The Nation, January 7, 2009, Wednesday
The Nation
January 7, 2009, Wednesday
The Nation
Can Labor Revive the American Dream?
The financial markets are in tatters, consumer spending is anemic and the recession continues to deepen, but corporate America is keeping its eyes on the prize: crushing organized labor. The Center for Union Facts, a business front group, has taken out full-page ads in newspapers linking SEIU president Andy Stern to the Rod Blagojevich scandal. The Chamber of Commerce is capitalizing on the debate over the Big Three bailout to claim that "unions drove the auto companies off the cliff," while minority leader Mitch McConnell and other Republican senators insist on steep wage cuts. A December 10 Republican strategy memo revealed their central obsession: "Republicans should stand firm and take their first shot against organized labor," the memo read. "This is a precursor to card check"--a clear reference to the Employee Free Choice Act.

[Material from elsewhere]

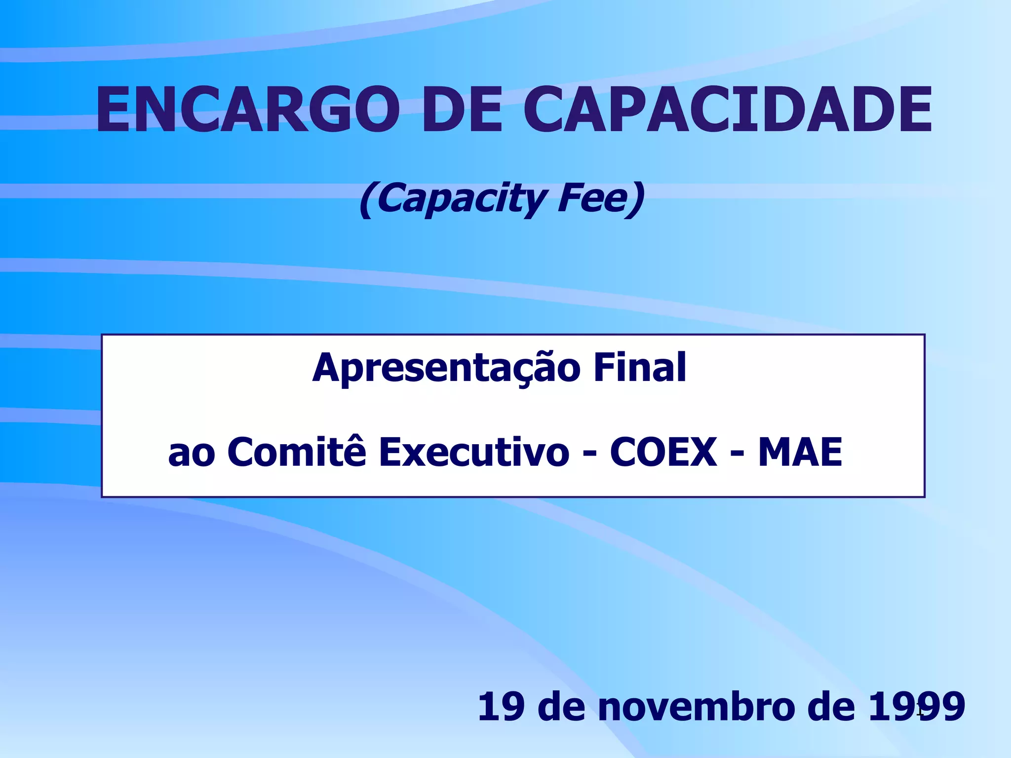 O documento resume o processo de desenvolvimento da proposta de implementação de um Encargo de Capacidade (EC) no sistema elétrico brasileiro. Discute conceitos básicos como a metodologia de cálculo do EC com base na probabilidade de perda de carga e no valor da carga perdida. Também apresenta recomendações como levar em conta a redução da capacidade de usinas hidrelétricas durante períodos de seca ao calcular o EC.

This simple amendment to federal labor law, which would, among other things, allow workers to unionize when a majority sign cards rather than requiring a bruising election, has galvanized the business community in a way even the $700 billion bailout couldn't. "I get the sense that this is more important to them than even taxes or regulation," says the AFL-CIO's director of government affairs, Bill Samuels. "This is about power. And the business community is not going to give up power willingly." Wal-Mart CEO Lee Scott said as much to a meeting with analysts in October. "We like driving the car," he told them, "and we're not going to give the steering wheel to anybody but us."
In the lead-up to the election, the co-founder of Home Depot, Bernie Marcus, called Employee Free Choice "the demise of civilization." Wal-Mart summoned store managers into mandatory meetings to warn them against it. Industrial launderer Cintas launched a website to oppose it. The retail industry associations paid blue-chip lobbying firms to block it. The Chamber of Commerce hired Bush Labor Secretary Elaine Chao's chief of staff to run its opposition campaign, which trashed the bill as antidemocratic because it allows workers to bypass a formal election. Business groups spent tens of millions on ads attacking Democrats in tight Senate races, including $5 million targeting challenger Jeff Merkley of Oregon, a supporter of the bill who was smeared with a mailer accusing him of doing the bidding of corrupt labor leaders and trailed at every campaign appearance by a grim reaper claiming "Merkley kills democracy." "I've never seen anything like it," says Merkley's campaign manager, John Isaac, "where a group spent so much money to insert their issue into a campaign."
At first glance, Employee Free Choice looks like little more than a technical fix. In addition to allowing unionizing through majority sign-up, it stiffens penalties for intimidating or firing union supporters and imposes arbitration when a company refuses to bargain a first contract. But as the leading corporate lobbies recognize, the bill could have far-reaching effects. By reviving unions, it could push up wages, realigning the broken economy so that company profits are spread beyond CEOs. It could help rein in corporate power and, perhaps most threatening to a business community that has enjoyed decades of deregulation, sustain a progressive majority in Washington in the years to come. If progressives aren't doing the math, conservatives are. "Unions don't spend money to elect Republicans," Senator John Ensign told a group of executives this past fall. "They spend money to elect Democrats. From our perspective, this would have devastating consequences."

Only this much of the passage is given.